Goldman Sachs – Goldman’s Eric Lane leaves for Tiger Global
Lane’s surprise move comes just a day after people with knowledge of the matter said that Omer Ismail, the head of Goldman’s consumer bank, is leaving to run Walmart’s fledgling financial technology startup. Ismail will bring along David Stark, who helped ink Goldman’s partnership with Apple and oversaw its tie-ups with JetBlue Airways and Amazon.
Just over a year ago, Goldman’s asset management business lost two other key executives. Sumit Rajpal and Andrew Wolff, two of the three co-heads of merchant banking at Goldman, with Salisbury, left just as the firm was revving up its fundraising efforts.
Goldman in September shuffled business lines and announced a raft of management changes, including that Lane and Salisbury would lead the combined asset management and merchant bank.
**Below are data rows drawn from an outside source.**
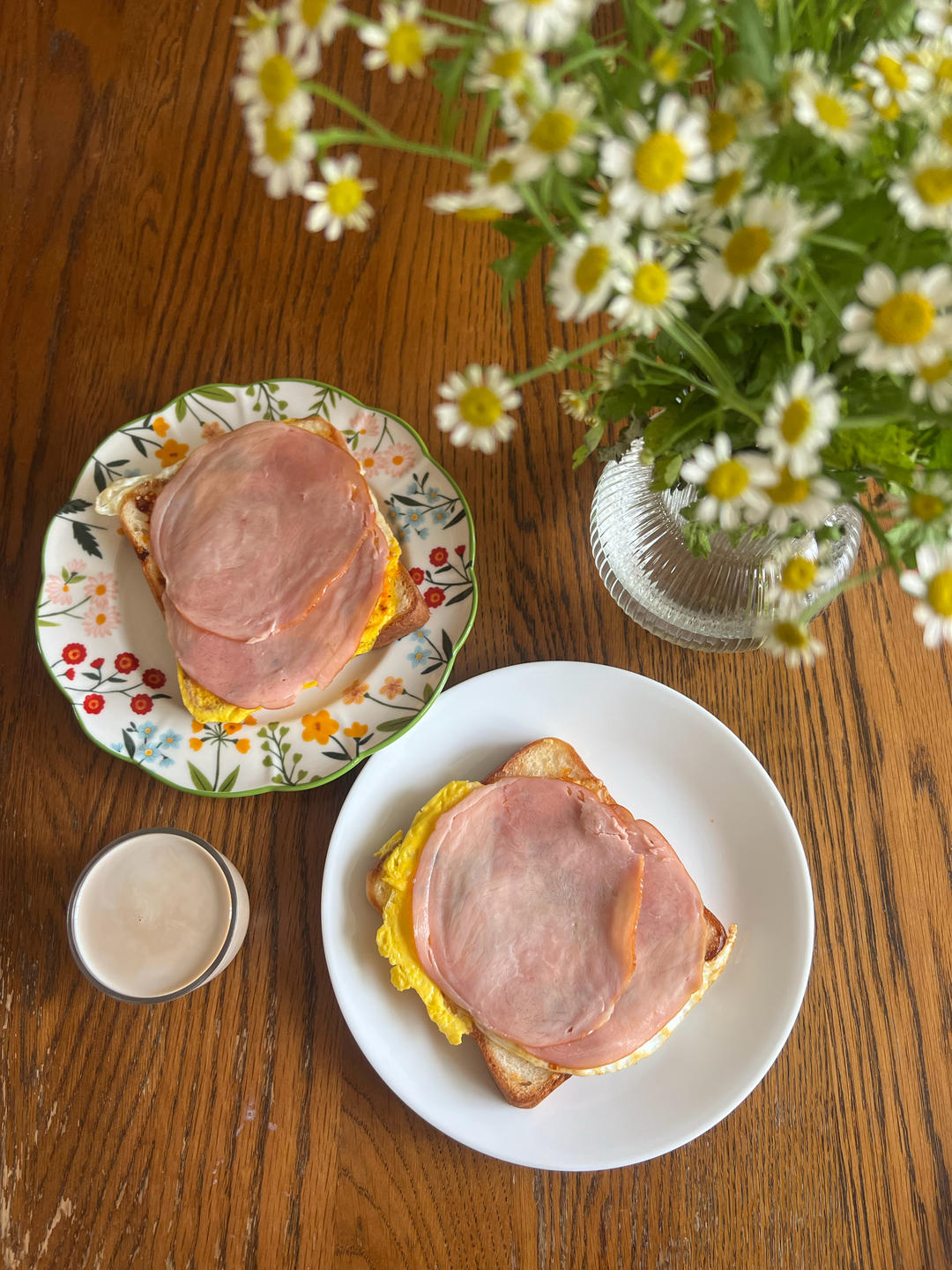 简单的煎蛋火腿吐司,一口生椰拿铁~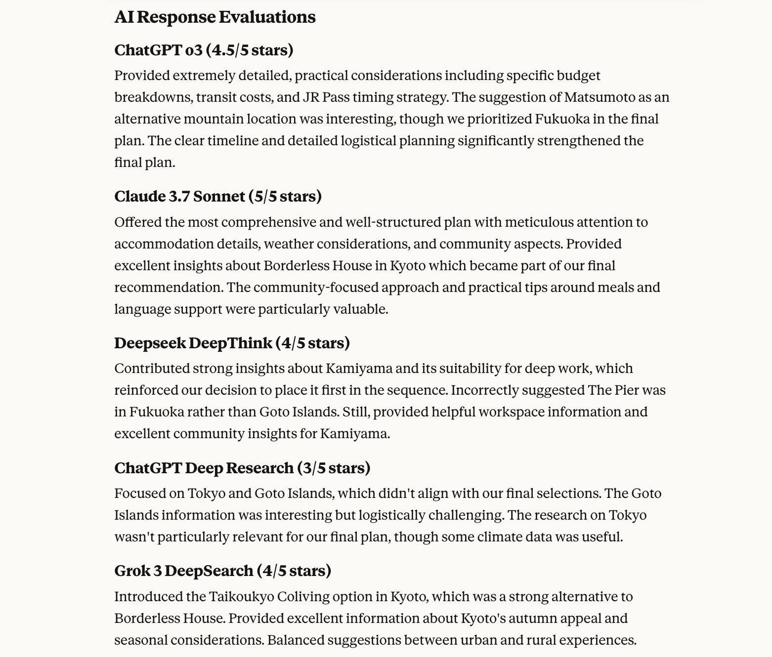 I planned the majority of my sabbatical itinerary, including research and budgeting, with Claude as my assistant. Claude collated research from a bunch of other models and helped me find places I loved that I would never have found on my own because the websites are primarily in Japanese.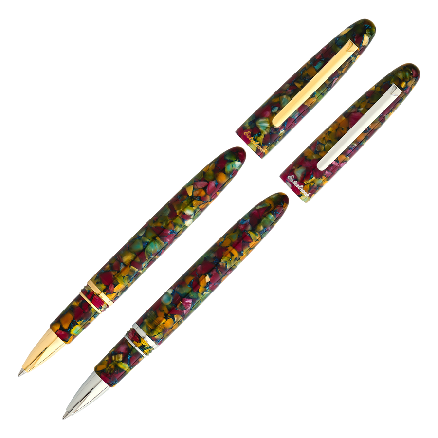 In each pen, you will find a kaleidoscope of floral accents, from greens to blues, deep reds to oranges, all displayed in a crackle - like pattern that intrigues the eye and inspires the imagination.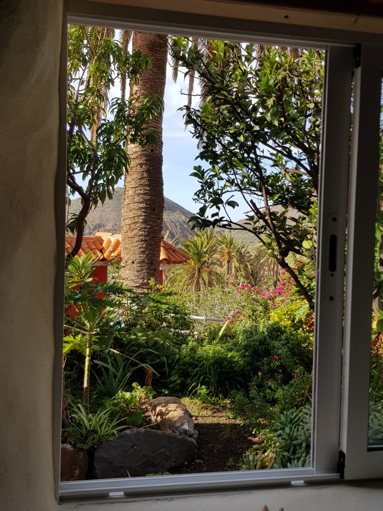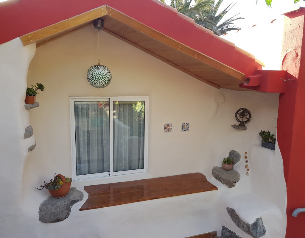 Die Ferienwohnung „Kleiner Italiener“ ist mediterran gestaltet mit offenem Wohn-/Küchenbereich mit Schlafsofa und Duschbad. Das Schlafzimmer liegt direkt nebenan im alten kanarischen Steinhäuschen „Seute Deern“ mit maritimer Note. Das Steinhäuschen hat einen extra Eingang, eine kleine Terrasse unterm Orangenbaum mit Sitzbänken und einen schönen Blick in den Garten. Man kann drinnen essen oder draußen an einem privaten kleinen Bistrotisch oder an einer langen Tafel auf der Gemeinschaftsterrasse. Der Wohn-/Küchenbereich ist etwas hellhörig, man hört von der darüberliegenden Wohnung Schritte und Stimmen, im Schlafzimmer-Häuschen nebenan hört man davon aber nichts, nur himmlische Ruhe wie im Rest von Tazo!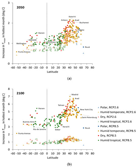 However, the variation in temperature increases with regard to latitude and ecoregion domain may also indicate different implications for adaptation responses. Although cities in low latitude tropical climates generally had more modest increases in Tmean for the hottest month, these cities also tend to have high humidity and small diurnal and seasonal variations in temperature. The combination of heat and humidity (as reflected by high wet bulb globe temperatures and similar indices) presents a particular physiological stress [24,25] that may be greater than that generated by higher but drier ambient temperatures. Also, in tropical climates there is usually limited nocturnal relief. In contrast, the cities in temperate and dry climates with larger potential temperature increases have much greater diurnal and seasonal variation in both temperatures and humidity, which offer potential options to help control indoor environments through the buffering effect of thermal mass [26], or to differentiate activities across the year to reduce exposure to the harshest temperatures for outdoor workers [27].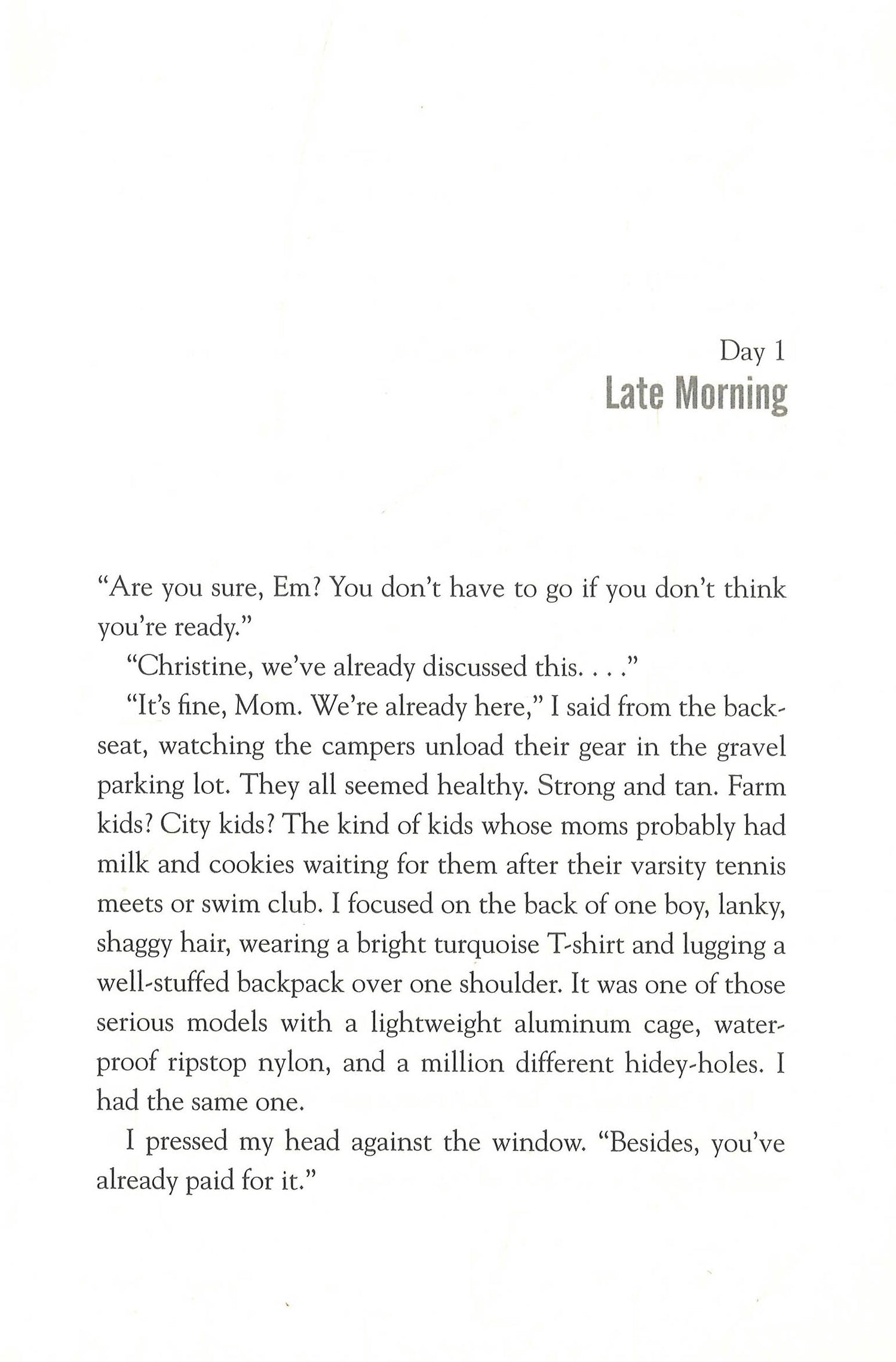 Plagued with guilt after surviving the car accident that took her sister's life, Emma ventures into the rugged and mysterious wilderness of the Boundary Waters in search of some much needed peace. But when a freak windstorm kills her guide, Emma and a handful of other campers are forced to fend for themselves. Lost, hungry, and exhausted, the small group must rely on their survival instincts as they travel through the forest towards Lake Superior.But the Boundary Waters is vast and unpredictable, and as the days drag on, it becomes clear that the group is no match for what Mother Nature has in store - and time is running out.As they continue to battle the elements, Emma realizes that nature isn't her only threat: there's one camper who will do whatever it takes to make it out of the Boundary Waters alive. Even if he's the only one . . .With ripped-from-the-headlines drama, this stirring story of heroism and survival will have you at the edge of your seat until the very last page.
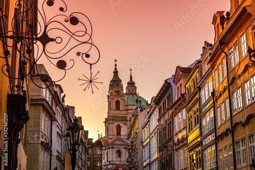 old streets of Prague near Charles bridge at sunset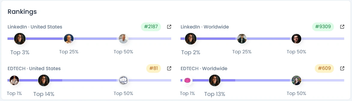 Kate has an audience of 24,100 followers on LinkedIn, growing steadily at around 37% over four years. Her Influence Score sits at 5,312 points, placing her among the top 3% of LinkedIn voices in the United States and top 1% in EdTech. She posts roughly three times a month, generating strong engagement through storytelling, milestones, and industry advocacy.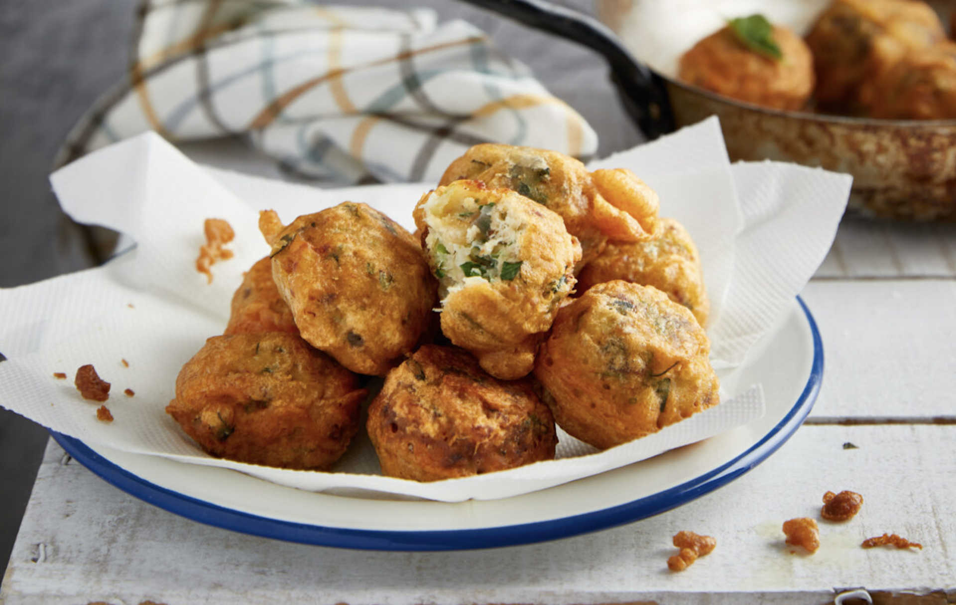 Τι απίθανος μεζές! Κεφτεδάκια από παστό μπακαλιάρο με μυρωδικά και ξύσμα λεμονιού, παναρισμένα σε πικάντικο κουρκούτι. Δοκιμάστε τα!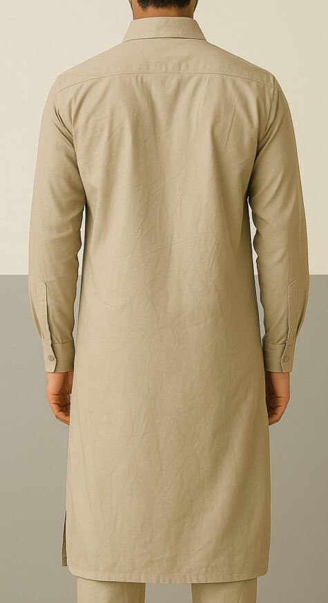 This men’s classic kurta pajama set in an elegant beige tone is crafted from premium cotton-blend fabric, offering all-day comfort with a crisp look. The kurta features a sharp shirt collar, half-button placket, and a single front pocket, giving it a refined touch. The straight-cut silhouette with side slits ensures ease of movement, while the full sleeves and buttoned cuffs add structure. The matching pajama complements the kurta perfectly, making this set ideal for festive gatherings, formal functions, or traditional occasions.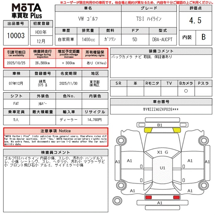 VOLKSWAGEN GOLF TSI HIGH LINE - лот 10003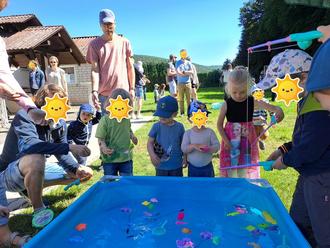 Außerdem durfte auch in diesem Jahr unser großes Sommerfest nicht fehlen. Wir haben uns alle gemeinsam auf dem Grillplatz in Empfershausen getroffen und dort einen schönen Vormittag verbracht. Es gab viele Stationen zum Spielen für die Kinder, leckere Bratwürstchen und ein großes Buffet. Besonders beliebt war die Station mit einer Pumpe und einem Wasserschlauch, mit dem die Kinder nach kräftigem Pumpen Bälle von Pylonen herunter spritzen konnten. Auch eine Schatzsuche im Sandkasten hat stattgefunden und es wurden viele Enten und Fische aus einem Planschbecken geangelt. Vielen Dank an den Elternbeirat für die tolle Organisation und auch an alle Familien für die Beteiligung an dem Buffet. Es war ein schöner sonniger Tag mit einem netten Beisammensein und auch einige ehemalige Pusteblümchen-Kinder konnten wir mal wieder sehen.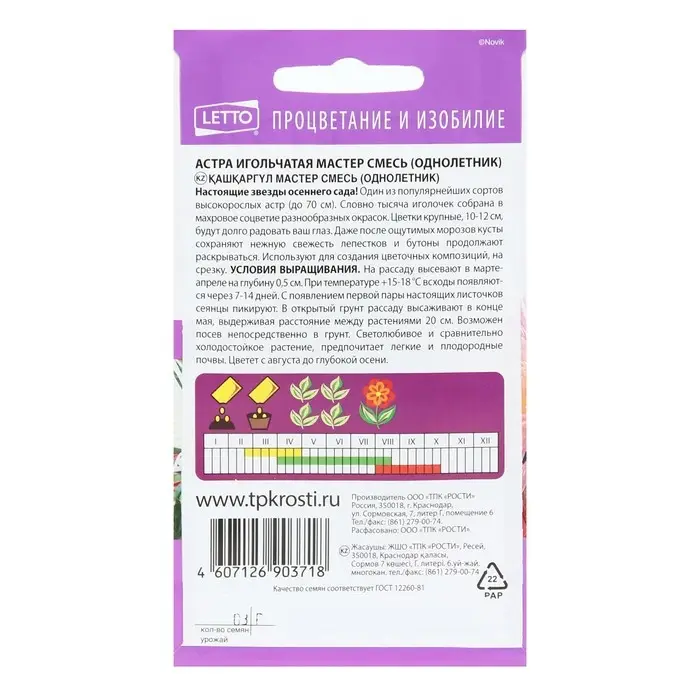 Семена цветов Астра Мастер смесь игольчатая, О, 0,3г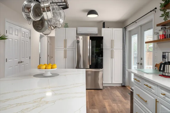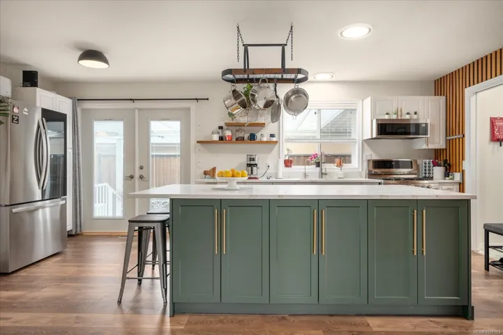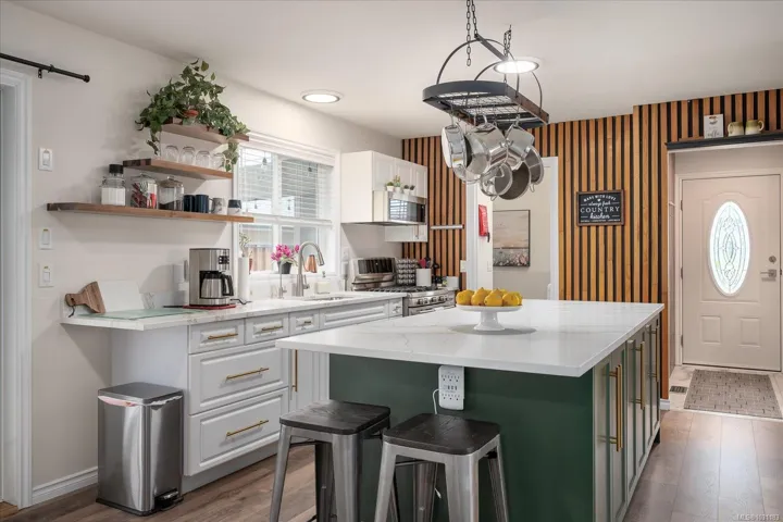 This is the one you have been waiting for! Quintessential Deerwood Park, this home is sure to impress! From the charming landscaping out front to the complete renovation inside, you are going to love this spectacular home! Featuring a 3 year old roof, fresh paint inside and out, a 1 year old ductless heat pump and A/C, gorgeous new flooring and of course a massive and open chefs kitchen with 8′ island of solid stone are just a few of the incredible things you will find here! The 2 full bathrooms have been updated, the appliances and hot water tank are new, there is a wired shed, metal gates on both sides of the yard and 2 low maintenance aggregate concrete patios to enjoy, one of them is completely covered. Backing onto one of the 2 RV storage areas, this property feels private and quiet and is somewhere you will be proud to call home. This is a well maintained and gated 55+ park that allows two pets and has a large clubhouse, there is nothing to do but move in!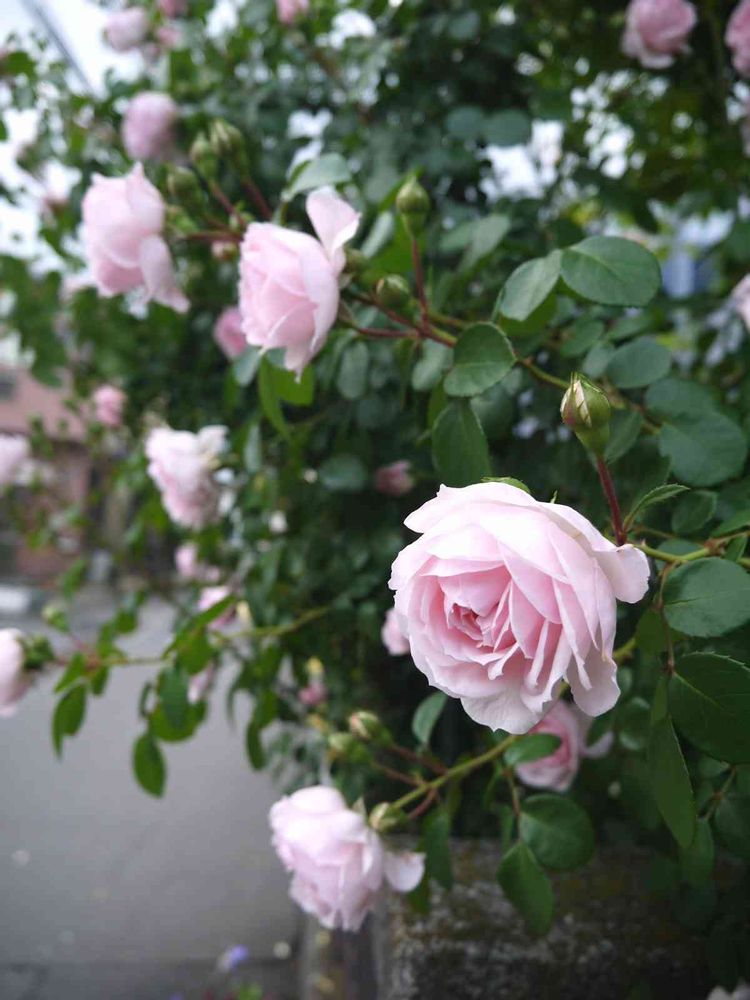 今日のバラ① ソフトピンクのつるバラ、シンデレラ。

Lane previously ran the investment management group, which also included Goldman’s consumer and wealth operations.
Biggest Hire
Lane is the biggest hire Tiger Global has made in recent years — and likely the most expensive. His addition comes as the firm searches “for ways to make our investment flywheel spin faster,” the firm wrote in an investor letter from Friday.
Lane will be responsible for managing the build-out of the firm’s infrastructure, including business processes, work flows, and collaboration, according to a person familiar with the matter. Over time, he’ll be involved with shaping Tiger Global’s firmwide strategy and will lighten Coleman and Shleifer’s workload by taking on some communications with investors, the person said.
“He has overseen many functions that are essential to scale and support a complex global investment-management platform,” Tiger Global said in Monday’s letter.
Tiger Global assets have soared over the 20 years since the firm was started, and its performance has been strong. The hedge fund returned 48 per cent last year alone. Coleman topped Bloomberg’s list of the top-earning hedge fund managers in 2020.